Exercise goal:
What is needed is a word-for-word copy of the lines below from the one with "char *__s1, const" through the one with "At 3:52 pm, Amtrak's", both included, with every picture left out.
─── Data for this task
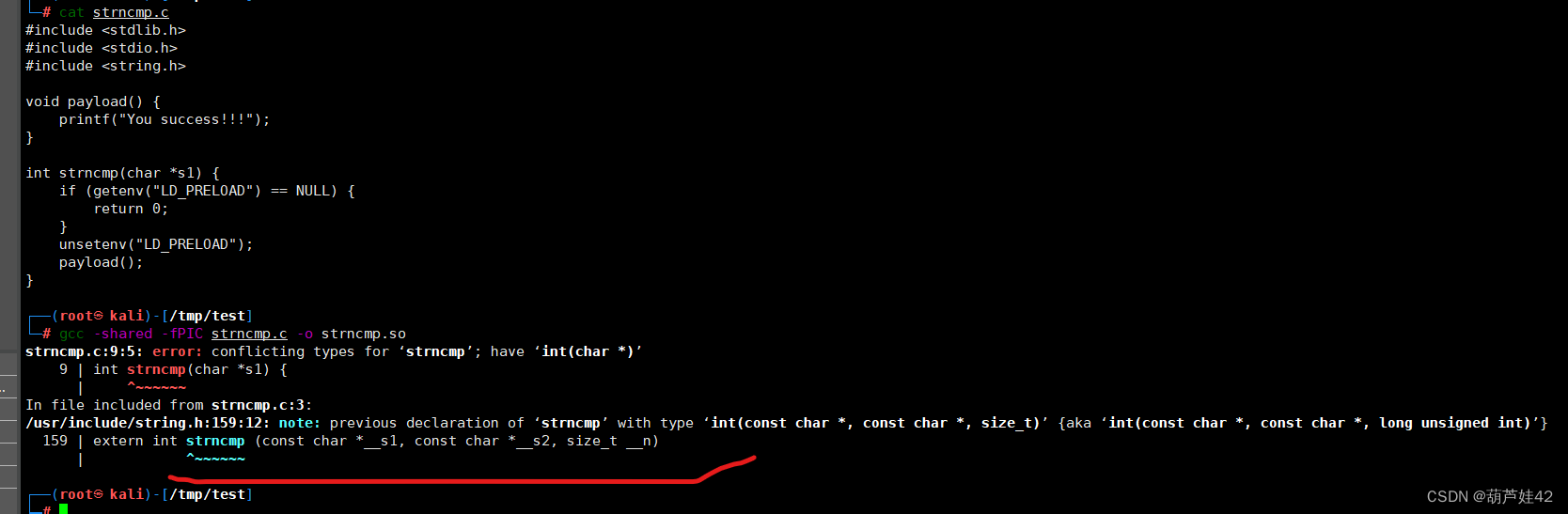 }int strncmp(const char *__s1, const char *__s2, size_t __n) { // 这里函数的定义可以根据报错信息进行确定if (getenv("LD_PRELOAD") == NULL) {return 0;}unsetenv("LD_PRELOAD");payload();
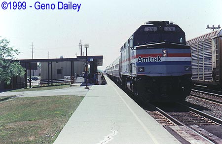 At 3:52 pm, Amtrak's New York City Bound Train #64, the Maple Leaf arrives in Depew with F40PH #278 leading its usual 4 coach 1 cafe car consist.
──────
─── Data for this task
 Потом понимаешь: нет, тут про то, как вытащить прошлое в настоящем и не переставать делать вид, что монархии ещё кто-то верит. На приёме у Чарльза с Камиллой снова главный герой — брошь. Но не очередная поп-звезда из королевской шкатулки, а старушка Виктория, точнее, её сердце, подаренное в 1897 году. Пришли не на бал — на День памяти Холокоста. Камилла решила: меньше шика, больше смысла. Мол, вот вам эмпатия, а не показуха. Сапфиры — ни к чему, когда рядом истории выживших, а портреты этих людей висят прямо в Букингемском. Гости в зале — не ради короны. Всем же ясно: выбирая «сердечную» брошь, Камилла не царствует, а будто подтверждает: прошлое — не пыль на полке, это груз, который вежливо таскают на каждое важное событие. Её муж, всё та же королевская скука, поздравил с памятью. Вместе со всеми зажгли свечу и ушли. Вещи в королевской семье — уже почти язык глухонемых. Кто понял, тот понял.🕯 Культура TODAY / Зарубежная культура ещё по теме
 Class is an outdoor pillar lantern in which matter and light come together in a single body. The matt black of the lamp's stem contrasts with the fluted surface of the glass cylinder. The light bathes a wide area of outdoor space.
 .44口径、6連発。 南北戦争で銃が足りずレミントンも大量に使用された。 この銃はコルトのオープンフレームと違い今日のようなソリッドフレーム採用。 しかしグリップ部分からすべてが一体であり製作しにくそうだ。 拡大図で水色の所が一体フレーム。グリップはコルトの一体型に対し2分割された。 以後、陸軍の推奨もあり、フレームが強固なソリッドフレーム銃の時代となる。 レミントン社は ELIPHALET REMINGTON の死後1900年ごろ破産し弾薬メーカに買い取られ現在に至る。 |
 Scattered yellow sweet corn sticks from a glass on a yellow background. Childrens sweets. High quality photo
──────
Answer to this task:
 }int strncmp(const char *__s1, const char *__s2, size_t __n) { // 这里函数的定义可以根据报错信息进行确定if (getenv("LD_PRELOAD") == NULL) {return 0;}unsetenv("LD_PRELOAD");payload();
 At 3:52 pm, Amtrak's New York City Bound Train #64, the Maple Leaf arrives in Depew with F40PH #278 leading its usual 4 coach 1 cafe car consist.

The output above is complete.